For the task at hand , we thought of introducing Kafka + Python + Spark for prediction , but this seems to be come with lot of challenges , main challenge is to make the data cleaning similar so developers just drop in model and verify prediction , but as we are still in phase of exploring dataset this is not a possiblity , so developer needs to make sure the code always ported to python script from notebooks , thought it is doable but is a additional overhead in the trail and error phase….

Here’s what we found from our discussion with developers and architects , that !!
“””Why build a tank for grocery shopping when you can just use bike””””.


The Temptation of the Big Stack

for the processes like running a daily report, transforming a dataset, or retraining a model — the reflex is often to spin up:

  • Airflow or Prefect for orchestration
  • Dockerized workers for execution
  • Message queues for triggering and scaling
  • Cloud pipelines for integration

These are powerful tools. But they come with:

  • Operational overhead
  • Infrastructure complexity
  • Onboarding time for new team members
  • More moving parts to fail

For our scope of the problem this seems like a overkill .


The Case for Going Simple

Our only goal is :

“Run a notebook every day at midnight, update some numbers, and save the result.”

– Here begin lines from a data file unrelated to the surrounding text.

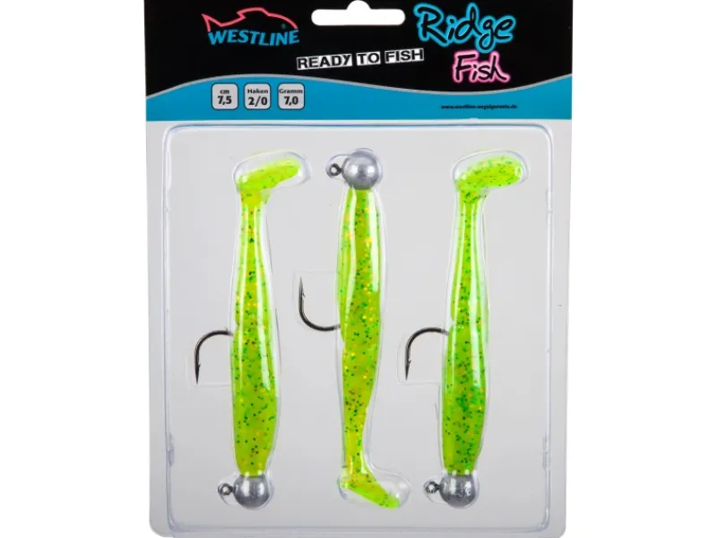 Das Westline Angelhaken Set Ridge Fish Kit 7,5 cm CBGG Grün besteht aus jeweils 3-4 Gummifischen (je nach Länge) welche bereits fertig auf den Jigkopf aufgezogen sind. Die im Set enthalten Rundbogen-Jig Haken sind aus besten High-Carbon Stahl gefertigt und sind ultrascharf. Die Gummifische sind aus einer widerstandsfähigen und zugleich weichen Gummimischung gefertigt , sodass sie auch mehrere Bisse überstehen und trotzdem verführerisch laufen. Mit ihrer schlanken Form lassen sie sich weit und zielgenau werfen und sind prädestiniert für Zander und Barsch. Echte High-Tech Gummies in den fängigsten Farben.
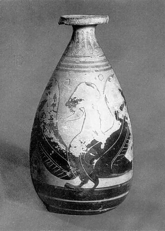 Алабастр із зображенням сирени. Розпис майстра «Гостробородої сирени». Корінф. VI ст. до н.е. Глина. Висота 17,5 см. Київський музей західного та східного мистецтва.
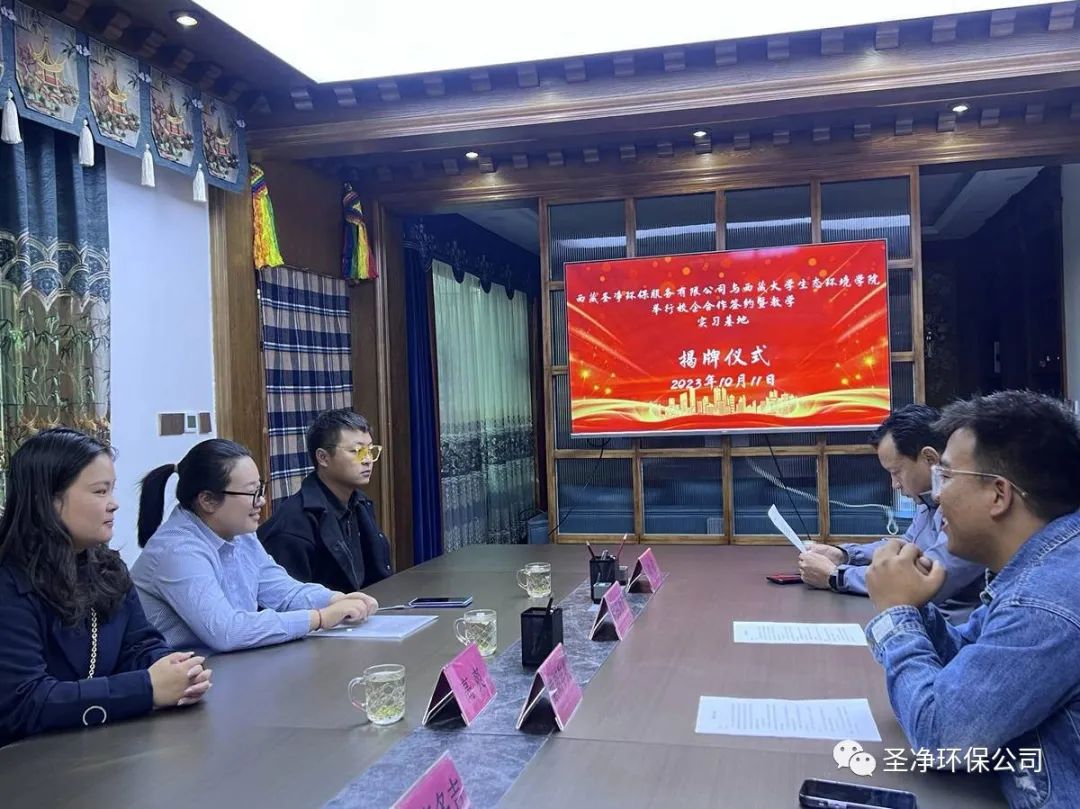 為進(jìn)一步加強(qiáng)學(xué)校與企業(yè)的合作,適應(yīng)產(chǎn)業(yè)發(fā)展的需求,共同做好畢業(yè)生的就業(yè)工作,并建立長(zhǎng)期的人力資源供需協(xié)作關(guān)系,優(yōu)化企業(yè)的人力資源管理,充分發(fā)揮各自優(yōu)勢(shì),促進(jìn)雙方事業(yè)的共同發(fā)展。2023年10月11日,西藏圣凈環(huán)保服務(wù)有限公司與西藏大學(xué)生態(tài)環(huán)境學(xué)院校企合作簽約暨教學(xué)實(shí)習(xí)基地揭牌儀式在我司會(huì)議室舉行。

That’s it. No dynamic scaling, no 50-step DAG, no event-driven microservice chain.
<< here is what we landed on after discussions >>

Cron :

“Decade old proven system with simpler enough configuration which each developer can even schedule it”

Example:


0 0 * * * /usr/local/bin/run_daily_report.sh

Papermill

  • A tool for parameterizing and executing Jupyter notebooks
  • Lets you treat notebooks as reproducible, automated scripts
  • Can store both code and documentation together
  • Works well for data science workflows without converting everything into pure Python scripts

Example:


papermill daily_report_template.ipynb daily_report_output.ipynb -p date "$(date +%F)"

In a nutshell


Benefits of the Simple Path

  • Speed: You can set this up in hours, not days or weeks.
  • Clarity: The workflow is transparent and easy to debug.
  • Cost efficiency: No extra cloud services or always-on infrastructure.
  • Maintainability: New developers can read the cron entry and the notebook — that’s the entire codebase.

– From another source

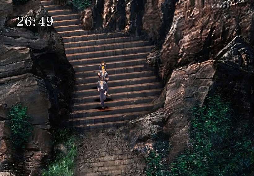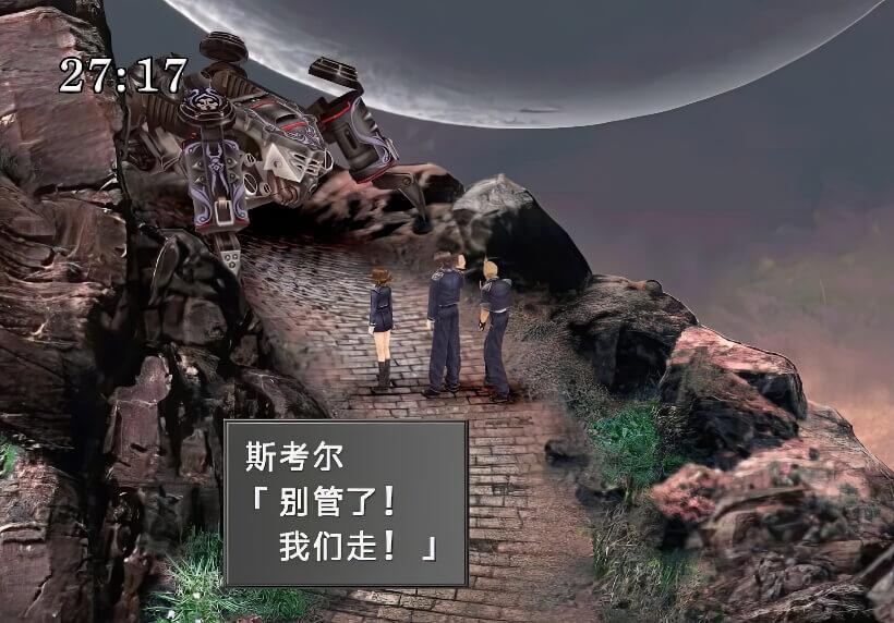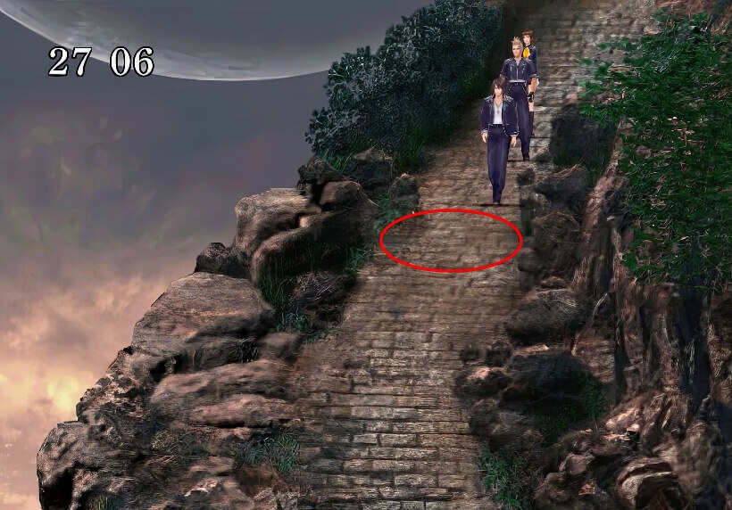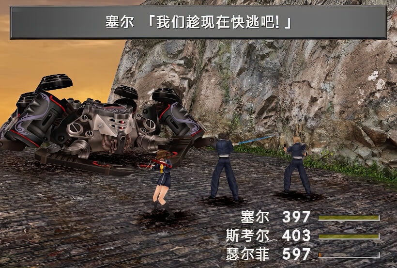 如果跟着跳下的话,在和瑟尔菲汇合之前可以不遇敌,但是会被扣SeeD评价分。所以当然是要选择:不要跳,从右面的通路绕下山去与瑟尔菲汇合。

When to Avoid Over-Simplification

Of course, this approach is not for everything.
If you have:

  • Large-scale distributed data processing
  • Complex dependencies between multiple tasks
  • The need for retries, monitoring dashboards, or event-driven triggers
  • Multi-team ownership and collaboration on orchestration

…then a more robust scheduler or orchestration platform might be worth it.
But for the 80% of internal, low-complexity jobs that companies run daily, this minimal approach can save time and money.


The Philosophy

In software, complexity has a cost.
Before pulling in the “big guns” of modern architecture, ask:

  • What’s the smallest set of tools that solves the problem?
  • Can we make it run without introducing another dependency?
  • Will someone else be able to maintain this six months from now?

Sometimes, the humble cron job and a parameterized notebook are not just good enough — they’re the smartest choice.